Intelligent middleware for AI agent tool orchestration

Project description

ToolFusion

Stop wasting tokens. Start fusing results.

PyPI Python License


ToolFusion is async-first middleware that sits between your AI agent framework and your tools. It eliminates redundant tool calls, deduplicates overlapping results, resolves conflicting outputs across tools, and fuses multi-source data — making every agent faster, cheaper, and more reliable.

The Problem

Every production AI agent system hits the same wall:

Agent: "What's the weather in NYC?"
  → Tool A: calls OpenWeatherMap API          ← $0.001, 200ms
  → Tool B: calls WeatherAPI                  ← $0.001, 300ms
  → Tool A again (retry/loop): same API call  ← $0.001, 200ms   ← WASTED
  → Agent context now has 3 overlapping results with conflicting temperatures
  → LLM processes all 3 → extra tokens → higher cost → possible hallucination
Problem Impact How ToolFusion Fixes It
Duplicate tool calls — LLMs call the same tool repeatedly with identical/similar params Wasted API calls, latency, cost Exact + semantic caching, request coalescing
Redundant results in context — multiple tools return overlapping info Token waste, context pollution Two-stage deduplication (SimHash → semantic)
Conflicting tool outputs — two tools report different values for the same fact LLM hallucinates or picks arbitrarily Source-weighted conflict resolution
Thundering herds — cache expiry causes simultaneous re-execution storms Backend overload, spikes TTL jitter + single-flight coalescing
No visibility — developers can't see what tools are doing Silent failures, impossible debugging Structured telemetry + result envelopes
Framework lock-in — caching techniques are framework-specific Can't reuse across LangChain, CrewAI, OpenAI, etc. Framework-agnostic middleware with adapters

Before vs After ToolFusion

# ❌ WITHOUT ToolFusion — every call hits the API, duplicates pile up
results = []
for query in ["python async", "python asynchronous", "async python"]:
    result = await web_search(query)   # 3 API calls for ~same query
    results.append(result)             # 3 overlapping results in context
# Agent processes all 3 → wasted tokens, possible conflicts

# ✅ WITH ToolFusion — duplicates caught, results fused
tf = ToolFusion(preset="balanced")

@tf.tool(cache_mode="semantic_ok", ttl=600)
async def web_search(query: str) -> dict:
    return await call_search_api(query)

r1 = await tf.call("web_search", {"query": "python async"})        # executes
r2 = await tf.call("web_search", {"query": "python async"})        # L1 cache hit (0ms)
r3 = await tf.call("web_search", {"query": "python asynchronous"}) # L2 semantic hit (~1ms)

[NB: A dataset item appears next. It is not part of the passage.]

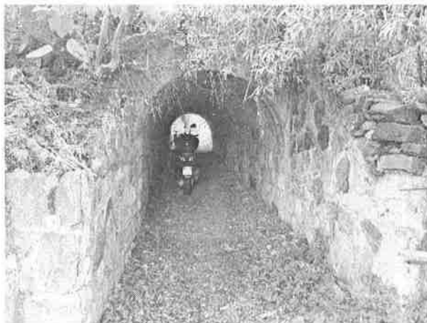
Denominazione Bene Tombino ad arco Km 319+507 Comune MESSINA Didascalia Vista da Sud/Est

fused = await tf.fuse([r1, r3])  # deduplicates + merges
# → 1 API call instead of 3, clean unified result, full provenance

Install

pip install toolfusion

Optional extras for production use:

# Redis cache backend + FAISS vector search
pip install "toolfusion[redis,faiss]"

# Full stack: Redis, FAISS, spaCy NER, sentence-transformers, OpenTelemetry, LLM fusion
pip install "toolfusion[all]"
Available extras
Extra Packages Use Case
redis redis[hiredis] Distributed cache backend + vector search
faiss faiss-cpu Fast similarity search for semantic cache
spacy spacy Entity extraction for fusion/conflict resolution
transformers sentence-transformers, torch Higher-accuracy embeddings (accurate preset)
otel opentelemetry-api, opentelemetry-sdk Distributed tracing and metrics
llm openai LLM-based fusion strategy
all All of the above Everything
dev pytest, pytest-asyncio, ruff Development/testing

Quick Start

Async (recommended)

import asyncio
from toolfusion import ToolFusion

async def main():
    async with ToolFusion(preset="balanced") as tf:

        @tf.tool(cache_mode="semantic_ok", ttl=300, freshness="daily")
        async def search(query: str) -> dict:
            # Your actual tool implementation
            return {"results": [f"Result for: {query}"]}

        # First call — executes the tool
        r1 = await tf.call("search", {"query": "python async patterns"})
        print(r1.cache_info.source)  # "miss"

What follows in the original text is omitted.